View in context: https://bugs.webkit.org/attachment.cgi?id=434682&action=review

> Source/JavaScriptCore/yarr/YarrJIT.cpp:2462
>                          if (!m_pattern.m_body->m_hasFixedSize) {

Previously, this path was dead code since we run this only when `disjunction->m_hasFixedSize` is true.
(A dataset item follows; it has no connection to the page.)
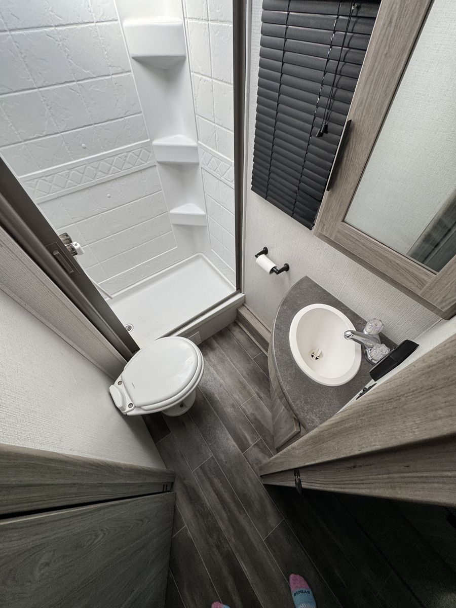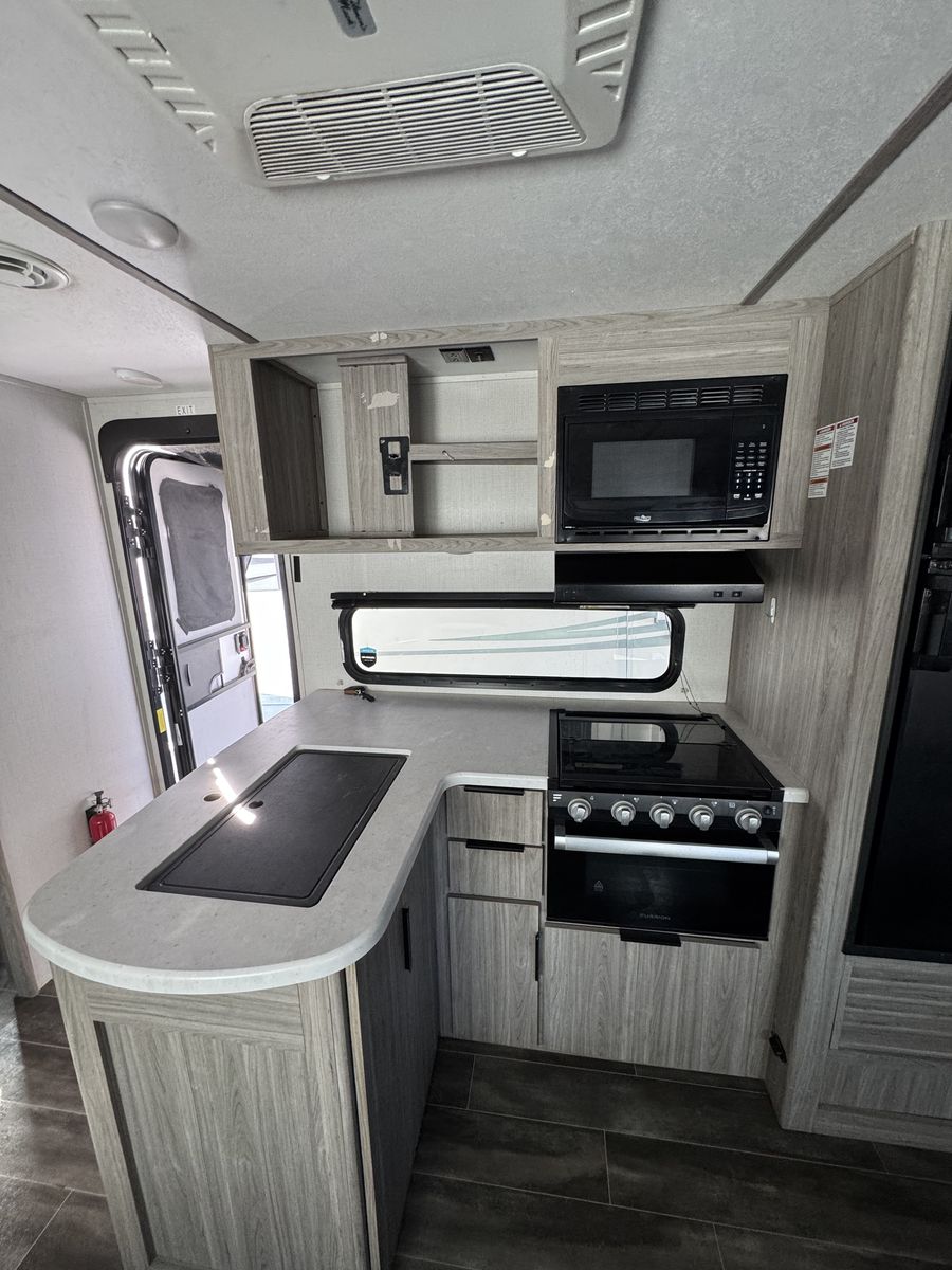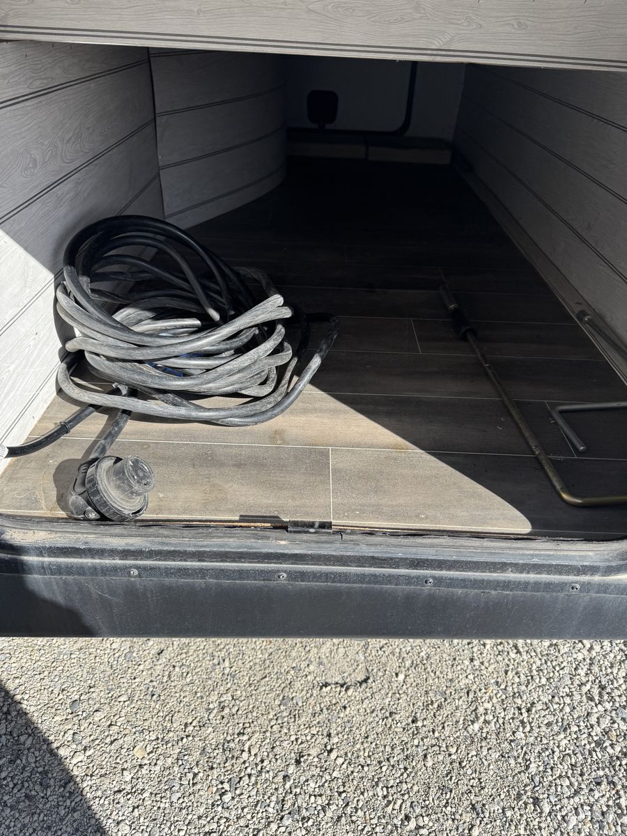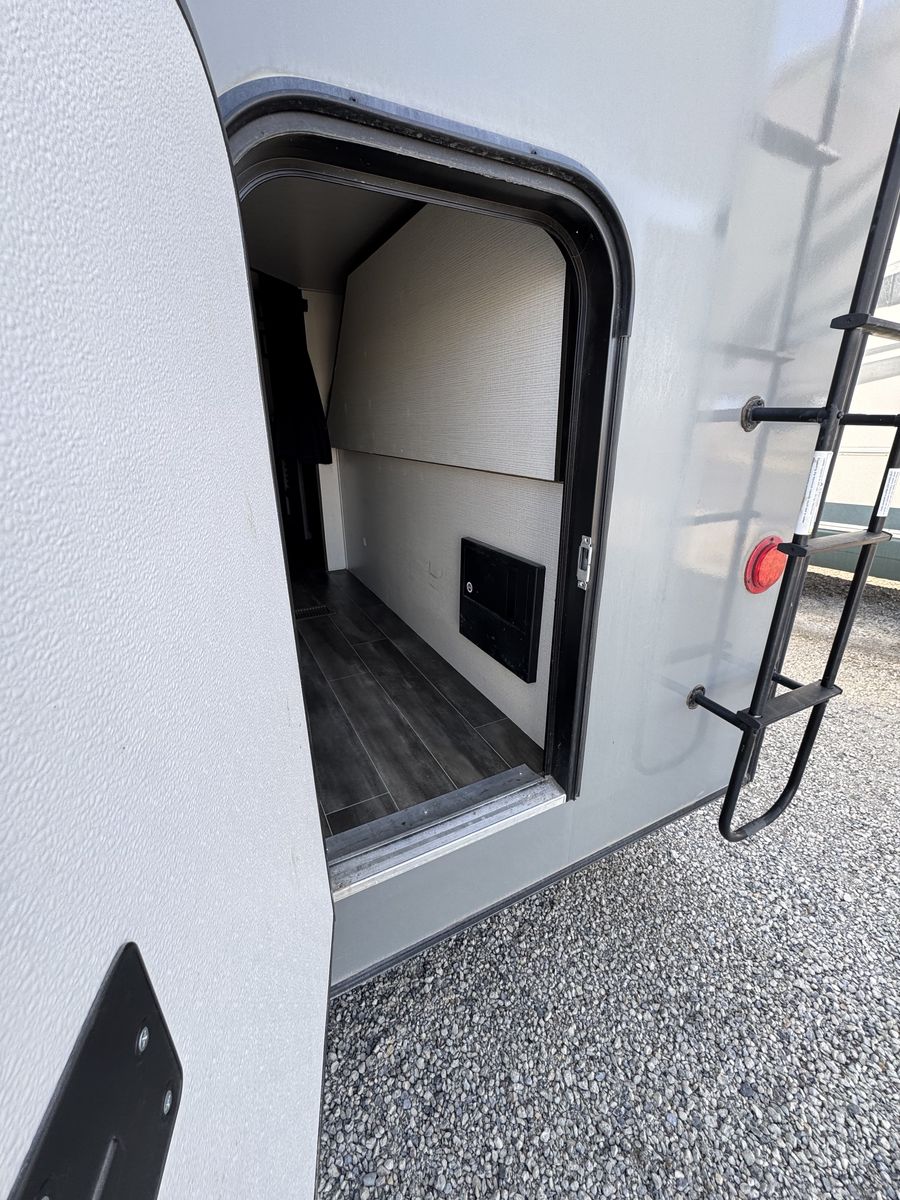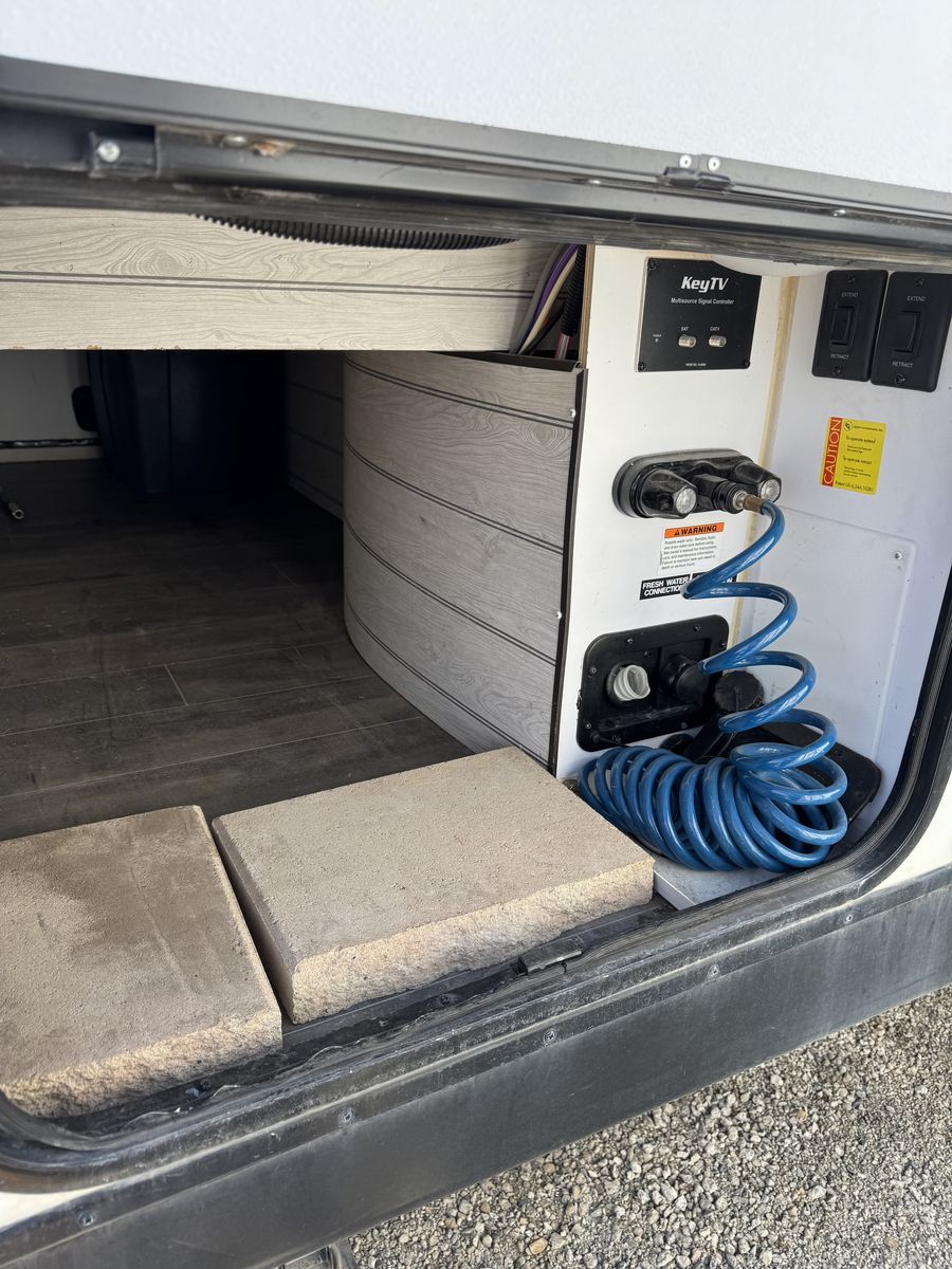 All electronics and plumbing work great! New bathroom hardware. Large awning, outdoor kitchen, and sound system for the summertime. Power jacks and stabilizers make for an easy setup and take down. Large grey, black, and fresh water tanks to minimize emptying/filling trips. Slots for two batteries and two propane tanks. Tons of storage space and a convenient rear entry door.

After removing that restriction, I found the bug that we didn't update that when the match is failed, that's the above change.
Comment 9 Yusuke Suzuki 2021-07-31 13:56:40 PDT
Created attachment 434704 [details]
Patch
Comment 10 Yusuke Suzuki 2021-08-02 10:55:45 PDT
Created attachment 434770 [details]
Patch
Comment 11 Yusuke Suzuki 2021-08-02 11:12:03 PDT
Created attachment 434773 [details]
Patch
Comment 12 Saam Barati 2021-08-02 15:50:14 PDT
Comment on attachment 434773 [details]
Patch

View in context: https://bugs.webkit.org/attachment.cgi?id=434773&action=review

> Source/JavaScriptCore/yarr/YarrJIT.cpp:3974
> +                    if (!characterClass.m_rangesUnicode.isEmpty())
> +                        bmInfo.addRanges(cursor, characterClass.m_rangesUnicode);
> +                    if (!characterClass.m_matchesUnicode.isEmpty())
> +                        bmInfo.addCharacters(cursor, characterClass.m_matchesUnicode);

don't we check that the regex isn't unicode before collecting BM info?

> Source/JavaScriptCore/yarr/YarrJIT.h:111
> +            if (static_cast<unsigned>(range.end - range.begin + 1) >= mapSize) {

why isn't this looking at m_count + (range.end-range.begin+1)?

> Source/JavaScriptCore/yarr/YarrJIT.h:122
> +        m_count = mapSize;

we don't need to set the actual bits?
Comment 13 Yusuke Suzuki 2021-08-02 16:00:25 PDT
Comment on attachment 434773 [details]
Patch

View in context: https://bugs.webkit.org/attachment.cgi?id=434773&action=review

>> Source/JavaScriptCore/yarr/YarrJIT.cpp:3974
>> +                        bmInfo.addCharacters(cursor, characterClass.m_matchesUnicode);
> 
> don't we check that the regex isn't unicode before collecting BM info?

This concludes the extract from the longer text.